Once the line with "This puzzle turned" is found in the entries below, repeat it and each following line exactly, up to and including the line with "The HT68FB540, HT68FB550". Add no other lines.

(Records for the exercise):
Start of Block
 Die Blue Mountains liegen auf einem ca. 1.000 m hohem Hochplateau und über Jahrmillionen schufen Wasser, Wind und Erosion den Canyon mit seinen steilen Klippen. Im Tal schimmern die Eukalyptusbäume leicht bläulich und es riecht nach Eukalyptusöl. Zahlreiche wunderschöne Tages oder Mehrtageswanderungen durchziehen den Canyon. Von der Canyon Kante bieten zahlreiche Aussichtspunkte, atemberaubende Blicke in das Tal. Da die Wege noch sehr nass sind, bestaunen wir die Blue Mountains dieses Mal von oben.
End of Block
Start of Block
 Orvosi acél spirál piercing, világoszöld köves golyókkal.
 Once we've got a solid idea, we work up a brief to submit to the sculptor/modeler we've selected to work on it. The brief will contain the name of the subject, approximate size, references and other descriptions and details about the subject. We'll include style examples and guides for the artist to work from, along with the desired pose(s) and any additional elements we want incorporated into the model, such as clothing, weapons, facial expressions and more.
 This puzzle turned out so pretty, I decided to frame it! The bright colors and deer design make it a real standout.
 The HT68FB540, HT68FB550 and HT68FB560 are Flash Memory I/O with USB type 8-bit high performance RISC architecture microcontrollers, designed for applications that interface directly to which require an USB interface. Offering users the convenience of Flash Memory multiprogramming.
End of Block
Start of Block
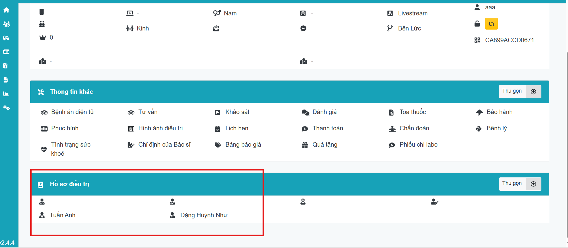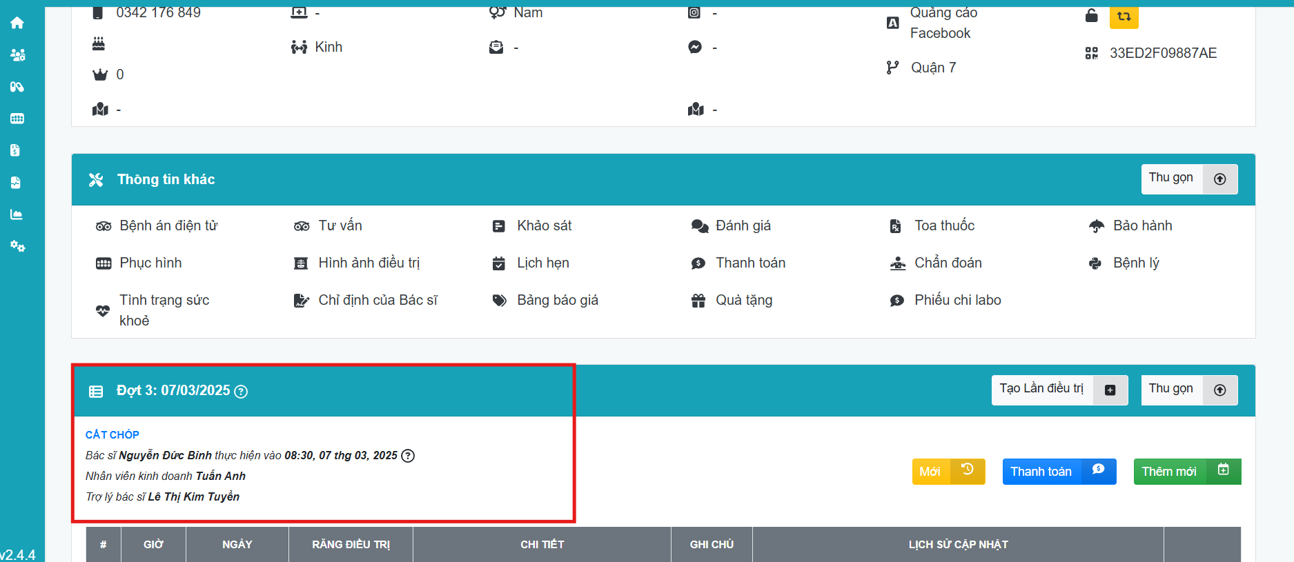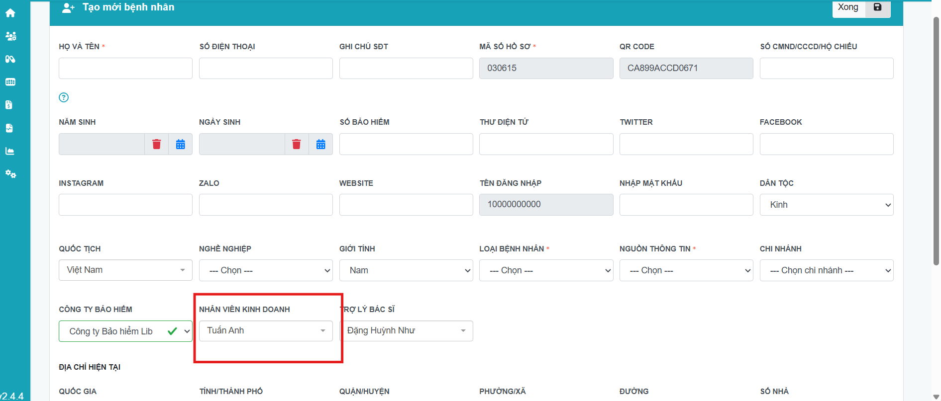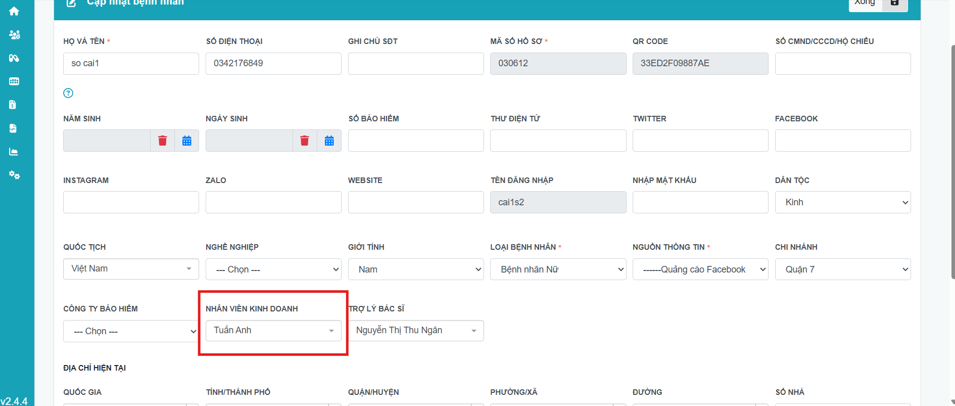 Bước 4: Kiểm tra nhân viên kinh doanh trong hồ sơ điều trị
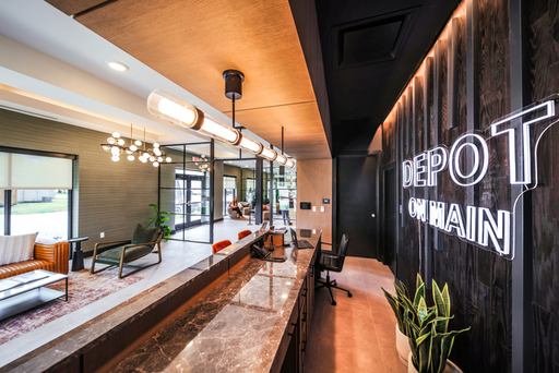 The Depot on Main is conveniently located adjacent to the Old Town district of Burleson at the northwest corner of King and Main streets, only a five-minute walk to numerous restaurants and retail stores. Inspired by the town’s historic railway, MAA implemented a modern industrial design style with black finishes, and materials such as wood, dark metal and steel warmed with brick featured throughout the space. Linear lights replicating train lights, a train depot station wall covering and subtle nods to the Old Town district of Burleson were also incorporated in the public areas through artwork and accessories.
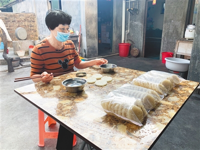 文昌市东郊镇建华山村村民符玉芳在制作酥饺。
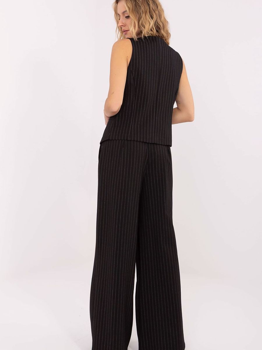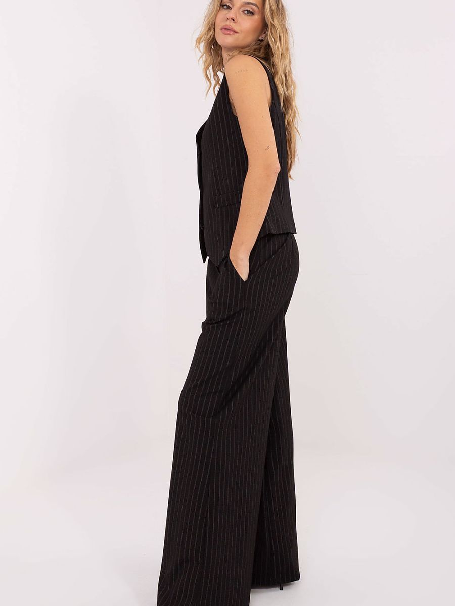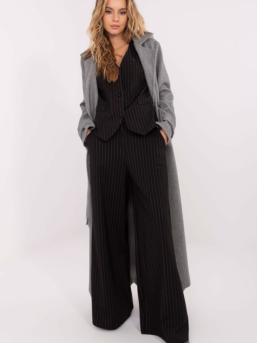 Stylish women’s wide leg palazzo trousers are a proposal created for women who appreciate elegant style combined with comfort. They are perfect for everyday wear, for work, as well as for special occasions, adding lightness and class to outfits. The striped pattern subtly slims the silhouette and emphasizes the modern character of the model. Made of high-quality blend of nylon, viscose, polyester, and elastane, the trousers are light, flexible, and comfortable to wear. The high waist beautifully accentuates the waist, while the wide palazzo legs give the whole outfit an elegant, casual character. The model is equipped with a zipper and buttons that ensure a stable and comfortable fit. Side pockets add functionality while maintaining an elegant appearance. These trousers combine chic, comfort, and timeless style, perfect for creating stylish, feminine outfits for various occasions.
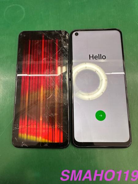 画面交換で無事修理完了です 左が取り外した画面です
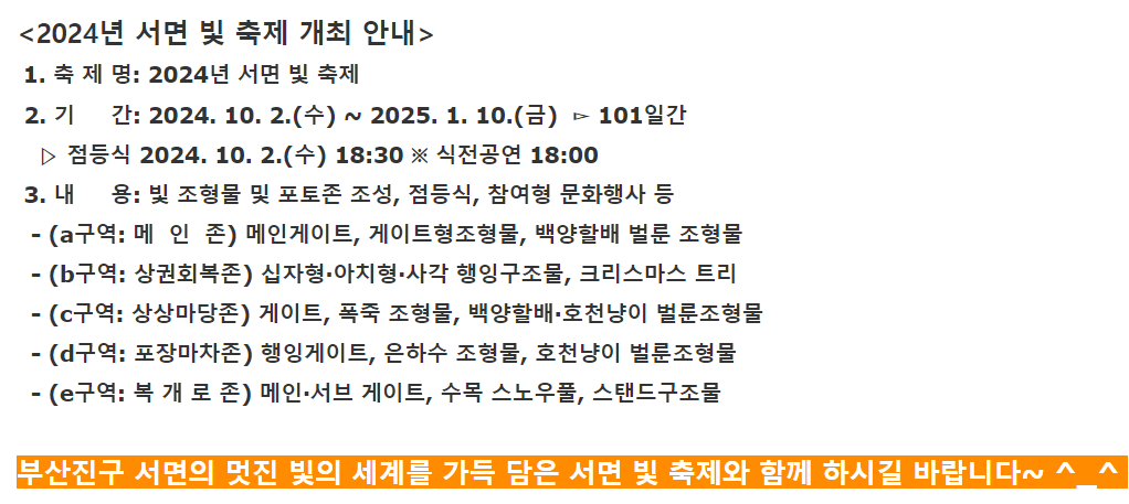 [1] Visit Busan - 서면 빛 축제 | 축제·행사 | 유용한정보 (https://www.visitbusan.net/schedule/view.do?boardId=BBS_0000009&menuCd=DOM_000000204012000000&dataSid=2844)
End of Block
(Response box):
 This puzzle turned out so pretty, I decided to frame it! The bright colors and deer design make it a real standout.
 The HT68FB540, HT68FB550 and HT68FB560 are Flash Memory I/O with USB type 8-bit high performance RISC architecture microcontrollers, designed for applications that interface directly to which require an USB interface. Offering users the convenience of Flash Memory multiprogramming.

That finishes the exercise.